Key quantitative findings from this 2023 study (not in Brachypodium, but informative as a plant PL functional paradigm) include: RNAi of selected PL genes increased fruit firmness by ~38% and increased total pectin and water‑soluble pectin by 41.14% and 65.42%, respectively, linking PL activity to measurable pectin and tissue-mechanics phenotypes. (huang2023genomewideidentificationand pages 10-13)

4.2. 2024: pectate lyases in plant–pathogen interactions (apoplastic battlefield)

A 2024 Nature Communications paper demonstrated that secreted pathogen pectate lyases are detectable in apoplastic fluid, contribute to virulence, and are directly targeted by plant extracellular immune regulators; importantly, enzymatic activity depended on conserved catalytic residues. (li2024aplantcell pages 1-2, li2024aplantcell pages 2-4)

Although pathogen PeLs differ from endogenous plant wall enzymes, this work underscores that pectate‑lyase activity in the apoplast is biologically impactful and that pectin‑derived oligomers can couple wall degradation to immune signaling.

5) Current applications and real-world implementations

5.1. Plant biology and crop traits

Empirically, plant PL gene perturbation can alter wall polysaccharide solubilization and firmness (demonstrated in 2023 strawberry PL RNAi lines with quantifiable increases in firmness and pectin pools). This provides a direct example of how PL activity can be leveraged (or avoided) in crop-quality contexts, and suggests that grass PL/PLL genes could be candidate levers for modifying wall properties, albeit with species‑ and tissue‑specific effects. (huang2023genomewideidentificationand pages 10-13)

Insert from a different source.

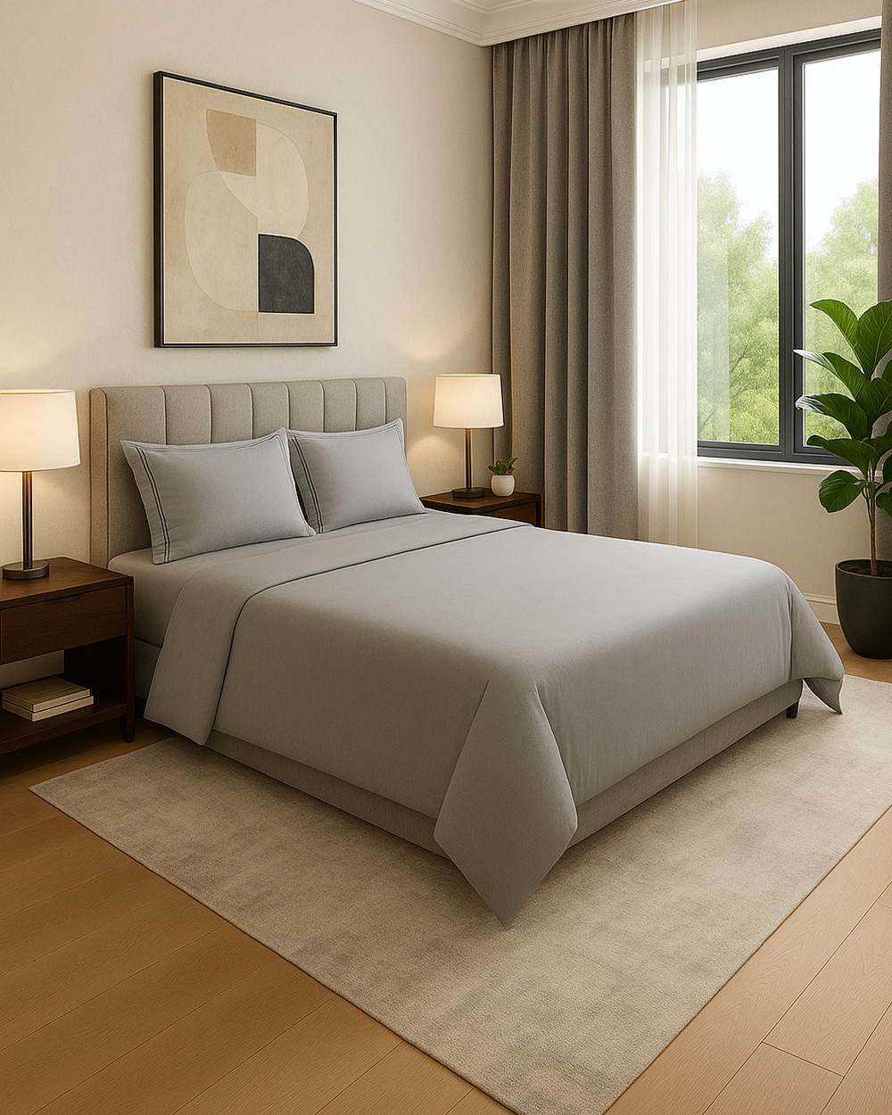 Lenjeria din bambus Lyocell reglează temperatura corpului, absoarbe umiditatea și previne mirosurile neplăcute, oferindu-ți un somn mai confortabil și mai sănătos. Este perfectă pentru orice sezon, datorită proprietăților sale respirabile și de reglare a temperaturii.

5.2. Monocot/grass systems and biomass engineering context

A monocot-focused cell-wall proteomics review emphasized that monocot/type II walls generally exhibit lower representation of pectin-related CW proteins than dicots, while compiling 1,159 CW proteins across monocot datasets and highlighting the need for more quantitative proteomics to infer abundance robustly. This positions grass pectin enzymes as present but potentially less abundant or more specialized—relevant for applications in grass biomass tailoring and cell-wall engineering strategies. (calderanrodrigues2019plantcellwall pages 12-14)

6) Expert opinions and authoritative synthesis

A high-authority, field-leading review (Annual Review of Plant Biology; 2025 publication, but synthesizing “recent advances”) provides consensus definitions and mechanistic distinctions between PLs and PNLs (substrate methylesterification dependence, Ca2+ dependence, pH optima, and structural determinants), and situates pectin remodeling as central to wall function and signaling. These points represent current expert consensus suitable for guiding careful functional annotation when gene-specific data are missing. (anderson2025thedynamicsdegradation pages 11-13, anderson2025thedynamicsdegradation pages 7-8)

7) Statistics and data (compiled; most relevant to annotation)

• PLL gene family sizes reported across plants: 26 (Arabidopsis), 46 (Brassica rapa), 86 (cotton), 65 (octoploid strawberry), and 12 (rice). (anderson2025thedynamicsdegradation pages 8-9)
• Rice PLL complement: 12 OsPLLs; all contain Pec_lyase_C domain; subset contain Pec_lyase_N; protein lengths ~309–685 aa; predicted pIs ~4.9–10.3. (zheng2018genomewideidentificationof pages 4-6)
• Strawberry (2023) functional perturbation: PL RNAi increased fruit firmness by ~38%, total pectin by 41.14%, and water‑soluble pectin by 65.42%. (huang2023genomewideidentificationand pages 10-13)
• Monocot cell-wall proteomics synthesis: 1,159 CW proteins aggregated across monocot datasets, with caution about lack of quantitative proteomics in many studies. (calderanrodrigues2019plantcellwall pages 12-14)

8) Visual evidence supporting functional-annotation workflows

Huang et al. (2023) provides visuals that exemplify the standard evidence used to annotate PL gene families: (i) phylogeny/gene structure/motif composition; and (ii) experimental subcellular localization using GFP fusions in protoplasts. (huang2023genomewideidentificationand media 083abceb, huang2023genomewideidentificationand media 736875c3)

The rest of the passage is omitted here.